Christian_Rost · July 29, 2017, 9:29am

Once upon a time I started a scrub and it finished good. Strange thing is, that there are two entries in scrub history for the same scrub, whereas the first of the two entries did not finish (there is NO scrub running for any pool ATM!).

When trying to start a new scrub from GUI it throws the following error:

    Traceback (most recent call last):
File “/opt/rockstor/src/rockstor/rest_framework_custom/generic_view.py”, line 41, in _handle_exception
yield
File “/opt/rockstor/src/rockstor/storageadmin/views/pool_scrub.py”, line 88, in post
‘and start a new scrub, use force option’ % pid)
TypeError: %d format: a number is required, not unicode

How can I start a new scrub?

phillxnet · July 29, 2017, 12:04pm

@Christian_Rost Hello again.
Thanks for reporting your findings. A complication in this case is that Rockstor’s reporting of the problem state has a very recent bug in it, the %d should be changed to %s:

github.com

rockstor/rockstor-core/blob/master/src/rockstor/storageadmin/views/pool_scrub.py#L87


      
          
          with self._handle_exception(request):
              ps = self._scrub_status(pool)
              if command == "status":
                  return Response(PoolScrubSerializer(ps).data)
              force = request.data.get("force", False)
              if PoolScrub.objects.filter(
                  pool=pool, status__regex=r"(started|running)"
              ).exists():
                  if force:
                      p = PoolScrub.objects.filter(
                          pool=pool, status__regex=r"(started|running)"
                      ).order_by("-id")[0]
                      p.status = "terminated"
                      p.save()
                  else:
                      e_msg = (
                          "A Scrub process is already running for "
                          "pool ({}). If you really want to kill it "
                          "and start a new scrub, use the force "
                          "option."

An issue has been opened for this message formatting bug:

github.com/rockstor/rockstor-core

fix scrub in progress message format regression

opened 11:29AM - 29 Jul 17 UTC

closed 01:22PM - 08 Sep 17 UTC

phillxnet

bug

Thanks to forum member Christian_Rost in the following forum thread for reportin…g this issue. When a scrub operation is, or is assumed to be, in progress, and another scrub task is requested via the UI. The message presented to the user should contain the pid of the pool. As this pid is presented in Unicode but is decoded via %d the user error message becomes a programmatic error message: File "/opt/rockstor/src/rockstor/storageadmin/views/pool_scrub.py", line 88, in post 'and start a new scrub, use force option' % pid) TypeError: %d format: a number is required, not unicode We can for the time being (prior to improving our general formatting of such things via .format) address this by casting to string rather than decimal, even though the pool id (pid) is a decimal. This at least will fix the observed formatting exception. Please update the following forum thread with this issue resolution: https://forum.rockstor.com/t/scrub-wont-start-unfinished-job-in-history-table/3588

and a pull request to address it is awaiting review:

If you fancy trialing the ‘fix’ at least for the message formatting part of this then you simply need to change:
%d
to
%s
in the above highlighted line. Then a reboot, or Rockstor service restart, should yield the full message.
No worries if you are not game to edit that file on your installation (it’s a risky thing and not advised unless you are game and happy for this system to become unusable as a consequence(unlikely) and are also happy editing on the command line). We have nano pre-installed if you are game though.

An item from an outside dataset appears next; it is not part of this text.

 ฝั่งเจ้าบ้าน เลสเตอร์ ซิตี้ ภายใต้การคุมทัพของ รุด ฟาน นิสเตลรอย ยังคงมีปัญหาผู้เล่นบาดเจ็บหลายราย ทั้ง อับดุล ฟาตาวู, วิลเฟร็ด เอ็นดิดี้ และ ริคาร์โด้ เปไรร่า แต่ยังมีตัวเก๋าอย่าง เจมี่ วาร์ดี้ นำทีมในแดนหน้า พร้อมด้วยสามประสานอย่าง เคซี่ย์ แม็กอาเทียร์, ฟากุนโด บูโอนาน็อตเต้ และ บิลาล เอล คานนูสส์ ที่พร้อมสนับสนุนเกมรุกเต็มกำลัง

The installed version of this file is in:
/opt/rockstor/src/rockstor/storageadmin/views/pool_scrub.py

To your point: the message should read:

A Scrub process is already running for pool (a-number-here). If you really want
to kill it and start a new scrub, use force option

So you could try ticking the force option that is presented just prior to starting the scrub.

As a curiosity you could also check the state of play scrub wise via the command line:

btrfs scrub status /mnt2/pool-name

Hope that helps and don’t worry about doing that edit unless you are game as all it will do is fix the message formatting bug; but you may be interested in dabbling and the info is presented in that light.

Hope that helps.

Christian_Rost · July 29, 2017, 1:13pm

Thanks, Phil!

I were not precise enough. The error occurs even when running with ‘force’ flag.
A scrub is running for some time now by command line. My question in terms how to start a scrub was meant by using the GUI.

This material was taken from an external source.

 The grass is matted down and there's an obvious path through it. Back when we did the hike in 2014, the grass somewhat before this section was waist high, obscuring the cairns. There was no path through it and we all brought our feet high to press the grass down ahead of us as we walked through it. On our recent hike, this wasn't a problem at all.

I’ll give editing the source a shot without starting a vim over nano discussion Might take some time since I’ll be AFK for a few hours, but I’ll feed back.

Best regards,

Christian

Christian_Rost · July 30, 2017, 9:54am

Sorry, but editing the source file just like you mentioned just comes up with another error:

        Traceback (most recent call last):
File “/opt/rockstor/eggs/gunicorn-0.16.1-py2.7.egg/gunicorn/workers/sync.py”, line 34, in run
client, addr = self.socket.accept()
File “/usr/lib64/python2.7/socket.py”, line 202, in accept
sock, addr = self._sock.accept()
error: [Errno 11] Resource temporarily unavailable

This error shows, no matter if I check force option or not.
My manually started scrub finished successfully after about 4.5h and there is nothing running ATM. So there should definitely be no reason for scrub to not start even without force option.

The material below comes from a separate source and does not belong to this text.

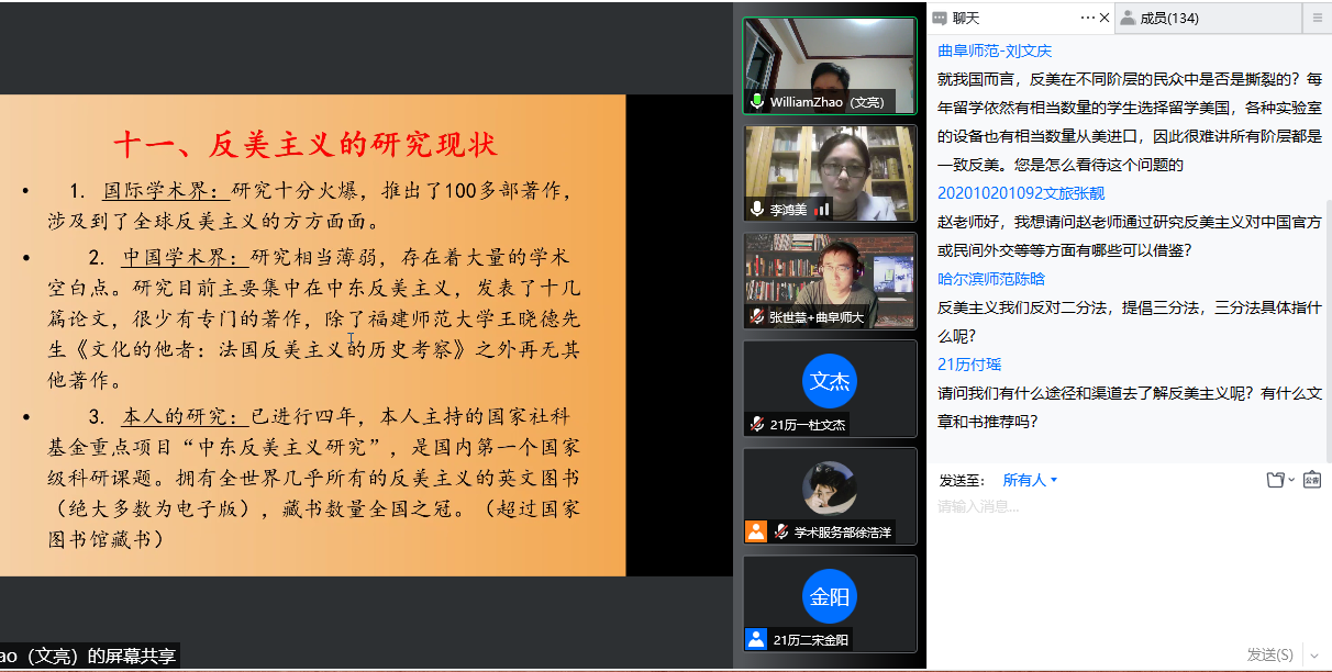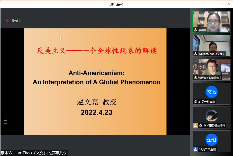 4月23日晚,足球直播515官网 教授、博士生导师赵文亮作客“洙泗讲堂”,通过腾讯会议视频为我校师生作了题为“反美主义——一个全球性现象的解读”的学术报告。报告会由足球直播515官网 李鸿美副教授主持并做评议人,足球直播515官网 相关专业师生及来自全国各地的听众共100余人进行了在线收看,讲座内容十分丰富和精彩。

I do still think of the history table as being the matter, since I guess that this is being looked up rather than issuing a syscall. (See my posted screenshot)

Best regards,

Christian

phillxnet · July 30, 2017, 10:47am

@Christian_Rost Thanks for the feedback and as mentioned your circumstance had the complication of the error reporting formatting bug.
ie (from the pull request quoted) before the formatting change:

and after:

and I needed to get that out of the way first as it would affect anyone attempting to start a scrub while an existing one was running. Also it was standing in the way of the real exception message.

Now that you have the formatting issue out of the way we should be able to see the actual exception error rather than the formatting one. As you see the Traceback for yours and for the instance of a running scrub are identical; what is the message you receive directly under “Houston, we’ve had a problem.” (in red text).

Also what is the exact output of:

btrfs scrub status /mnt2/pool-name

as requested before, as this is also used (as well as the table) by Rockstor code to assess current status.

Agreed but the ‘force’ option is intended to apply in such cases so we just need to narrow down a little more what’s not working as intended and why, at least in your case.

It would be great to get to the bottom of this one so your assistance is appreciated, I’m just not sure just yet exactly where the problem is, once it’s more closely identified and we have a reproducer then an issue, and consequent fix, should follow.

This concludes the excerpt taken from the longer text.